Task requirements:
In the records below, find the line containing "DMTD-PT, a persimmon" and return it together with every later line, exactly as written; pictures are to be omitted.

■ ■ ■ ■ ■

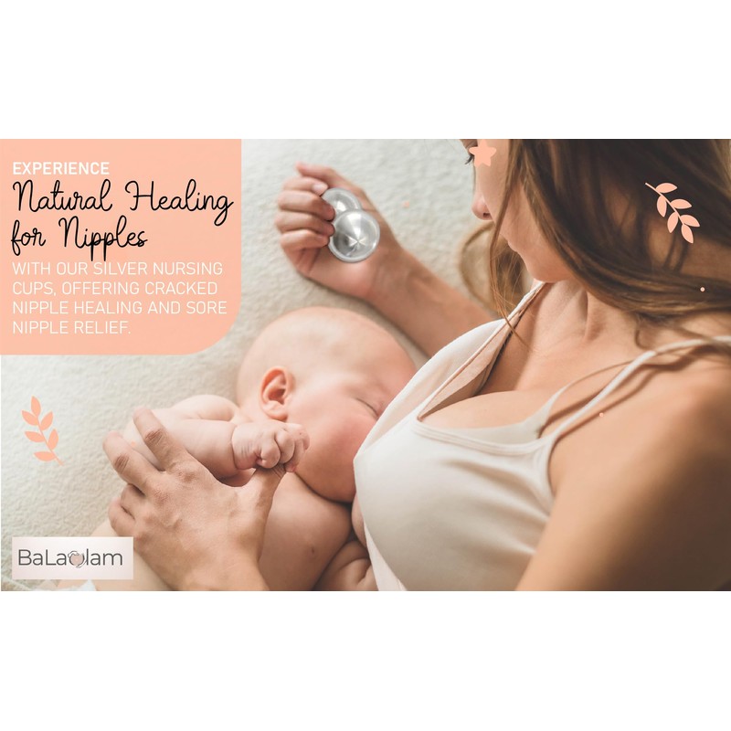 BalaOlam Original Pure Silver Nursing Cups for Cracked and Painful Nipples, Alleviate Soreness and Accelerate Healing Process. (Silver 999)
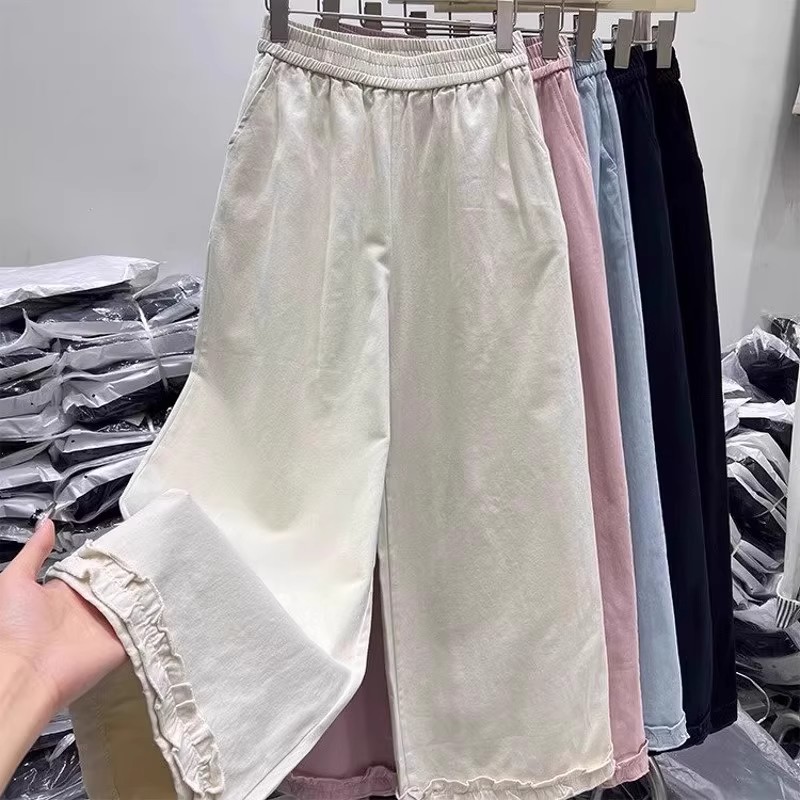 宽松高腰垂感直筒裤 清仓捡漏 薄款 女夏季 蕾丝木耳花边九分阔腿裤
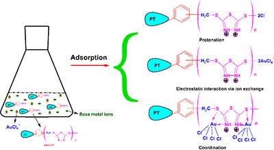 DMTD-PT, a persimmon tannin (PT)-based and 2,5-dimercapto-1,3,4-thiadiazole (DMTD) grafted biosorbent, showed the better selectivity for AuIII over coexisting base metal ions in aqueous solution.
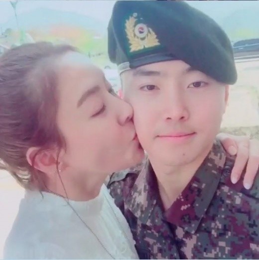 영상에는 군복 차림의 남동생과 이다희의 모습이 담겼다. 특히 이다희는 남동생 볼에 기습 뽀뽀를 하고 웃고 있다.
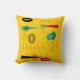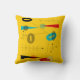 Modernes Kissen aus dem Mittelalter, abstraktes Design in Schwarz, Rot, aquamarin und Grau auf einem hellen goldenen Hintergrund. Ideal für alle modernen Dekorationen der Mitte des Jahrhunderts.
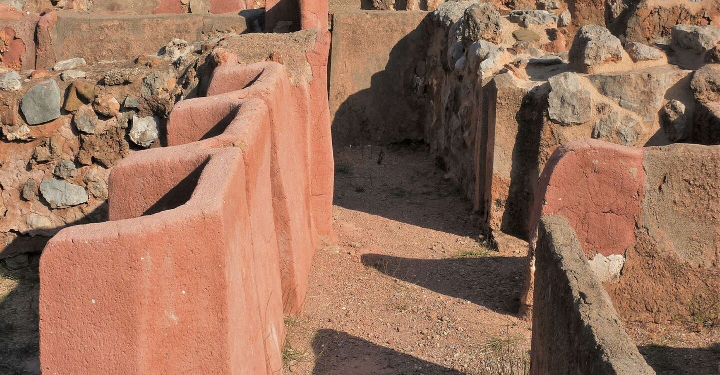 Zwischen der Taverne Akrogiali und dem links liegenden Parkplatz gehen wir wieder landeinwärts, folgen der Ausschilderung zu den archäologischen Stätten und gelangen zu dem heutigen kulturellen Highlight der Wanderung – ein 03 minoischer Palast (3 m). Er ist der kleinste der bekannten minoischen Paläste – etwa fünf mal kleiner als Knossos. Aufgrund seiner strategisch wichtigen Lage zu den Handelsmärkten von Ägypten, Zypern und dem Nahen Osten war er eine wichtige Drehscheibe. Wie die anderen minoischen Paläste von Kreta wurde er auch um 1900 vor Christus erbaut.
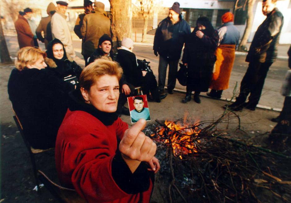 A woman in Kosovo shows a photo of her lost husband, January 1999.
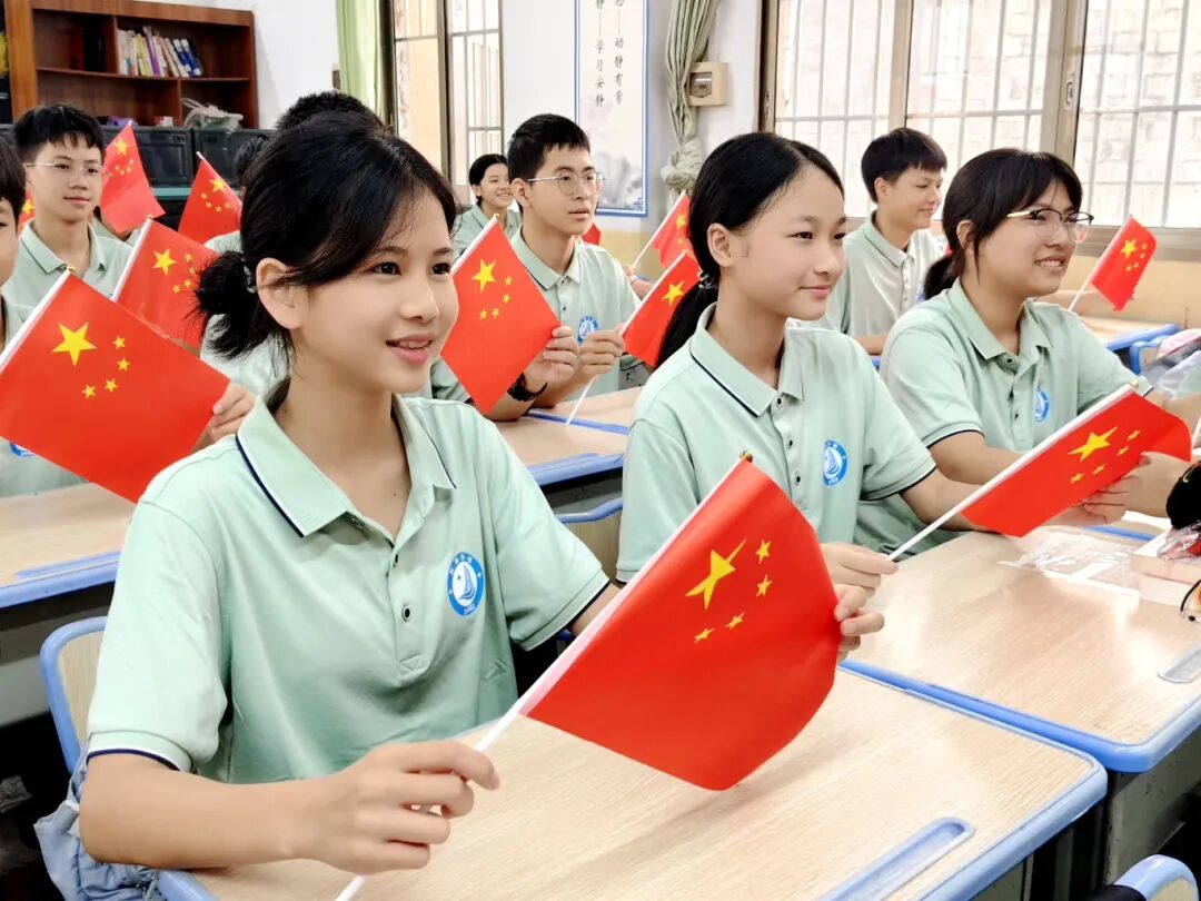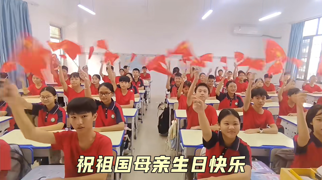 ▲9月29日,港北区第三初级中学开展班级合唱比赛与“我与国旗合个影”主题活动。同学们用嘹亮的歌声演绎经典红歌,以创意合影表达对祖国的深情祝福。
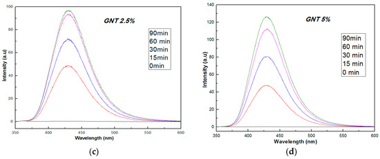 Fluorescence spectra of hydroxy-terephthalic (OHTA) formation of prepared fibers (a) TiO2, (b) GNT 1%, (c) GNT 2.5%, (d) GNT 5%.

■ ■ ■ ■ ■

Exercise solution:
 DMTD-PT, a persimmon tannin (PT)-based and 2,5-dimercapto-1,3,4-thiadiazole (DMTD) grafted biosorbent, showed the better selectivity for AuIII over coexisting base metal ions in aqueous solution.
 영상에는 군복 차림의 남동생과 이다희의 모습이 담겼다. 특히 이다희는 남동생 볼에 기습 뽀뽀를 하고 웃고 있다.
 Modernes Kissen aus dem Mittelalter, abstraktes Design in Schwarz, Rot, aquamarin und Grau auf einem hellen goldenen Hintergrund. Ideal für alle modernen Dekorationen der Mitte des Jahrhunderts.
 Zwischen der Taverne Akrogiali und dem links liegenden Parkplatz gehen wir wieder landeinwärts, folgen der Ausschilderung zu den archäologischen Stätten und gelangen zu dem heutigen kulturellen Highlight der Wanderung – ein 03 minoischer Palast (3 m). Er ist der kleinste der bekannten minoischen Paläste – etwa fünf mal kleiner als Knossos. Aufgrund seiner strategisch wichtigen Lage zu den Handelsmärkten von Ägypten, Zypern und dem Nahen Osten war er eine wichtige Drehscheibe. Wie die anderen minoischen Paläste von Kreta wurde er auch um 1900 vor Christus erbaut.
 A woman in Kosovo shows a photo of her lost husband, January 1999.
 ▲9月29日,港北区第三初级中学开展班级合唱比赛与“我与国旗合个影”主题活动。同学们用嘹亮的歌声演绎经典红歌,以创意合影表达对祖国的深情祝福。
 Fluorescence spectra of hydroxy-terephthalic (OHTA) formation of prepared fibers (a) TiO2, (b) GNT 1%, (c) GNT 2.5%, (d) GNT 5%.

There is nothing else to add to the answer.